# Help! How to fix my Apple earphones? (mic version)



## thepredestrian

Hi all
   
  I have an Apple in-ear earphone and its right side is not working. Im thinking of fixing it, but I dont know where to start
   
  1) How would I know its a jack issue or its the internal cable that is spoilt? Ive tried wigging the jack around but the right side still stays stubbornly mute. (If it was a jack problem, it should at least crackle and play intermittent music right?)
   
  2) If its the jack that has issues, how do i resolder it? ( I do know how to solder, but i was wondering if there are any extra wires in it since its a microphone version which i should be aware of)
   
  3) If its the wires that are causing this problem, anyone one who has re-cabled earphones of similar type before have any help/tips on how to open the earphone casing?
   
  All help is appreciated!


----------



## thepredestrian

Help! I could really do with some help here


----------



## Angelopsaro

Quote: 





thepredestrian said:


> Hi all
> 
> I have an Apple in-ear earphone and its right side is not working. Im thinking of fixing it, but I dont know where to start
> 
> ...


 

 I never tried this again, but i am doing it my self today for my soundmagic pl-30.
  First of all, you cant benefit from warranty?
   
  1) The most common problem is at the jack. The best way to start is by changing the jack in my opinion and then continue to the the earphone connections. I suggest you to do this first because its also easier and you could actually practice.
   
   
  2) There is issue here. I only know that a pair of iems should have 3 wires, left right and one for the grounding. You should cut the wire and see for your self.
   
  P.S the wires, when you get the job done should not touch to each other. If the 4 wires are insulated in one universal-black it will be harder to do it than if the wires are insulated in multiple cables. (check the fischer audio DBA-02)
   
Here is a how to guide to help you even more.


----------



## Angelopsaro

Heh just an update.
   
  My case worked more than i expected! i managed to achieve the desired sound.
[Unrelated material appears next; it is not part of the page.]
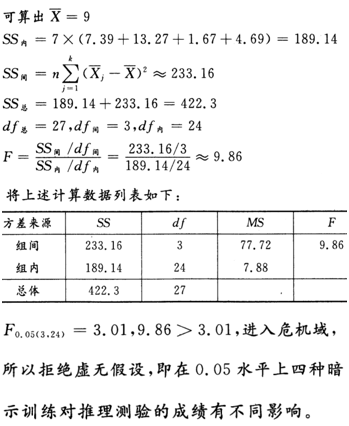 解:(1)设H0:这四种暗示训练对推理测验的成绩无不同影响; H1:这四种暗示训练对推理测验的成绩有不同影响。根据题中表内数据可列表如下:
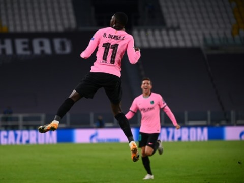 | L'attaquant français du Barcelone, Ousmane Dembélé, exulte après son but lors du match de groupes de C1 face à la Juventus, à Turin, le 28 octobre. |

To do so, all tree wires must have a tied connection. Unfortunately my solder is broken so i cant finish the work and post final results.


----------



## thepredestrian

I managed to cut open the jack, and I see 5 wires: green, red, white, and 2 copper wires. I found out you need to get a special jack, the one with 3 rings at the tip (usually jacks only have 2 rings) The extra third ring is for the mic wire.
   
  However, I dont know which wire is R, L, Grnd, and for the mic. Anyone around here has done this before and know which colour wire is for which signal?
   
  Thanks so much in advance for any help


----------



## MadCow

Quote: 





thepredestrian said:


> However, I dont know which wire is R, L, Grnd, and for the mic. Anyone around here has done this before and know which colour wire is for which signal?


 


 If you have a multitester you can test all the wires with the jacks and know what's is connected to what.
   
  If you don't have a multitester, you should get one as it is a very useful tool for general DIY/electronics stuff.


----------



## thepredestrian

Ive gotten myself a multitester, only to realise that i needed to scrape away the insulation from the tiny wires before any real soldering/multitesting could work. The wires are super tiny, and almost impossible to remove the insulation (scraping it away using a penknife proved unsuccessful as the wires were so thin that they got cut away). I guess theres no wire stripper in the world that can strip away wires so thin. Seems like this is a lost cause.


----------



## MadCow

Well that sucks... and with wires that thin, no wonder they are so fragile.


----------



## soul05

just buy a new one from a website like dealextreme for less than 10 bucks if youre keen on sticking to the apple headset


----------



## midnightwalker

As far as I know,
   
  Green - Mic
  White - Left / Mono
  Red - Right
  Copper - Ground


----------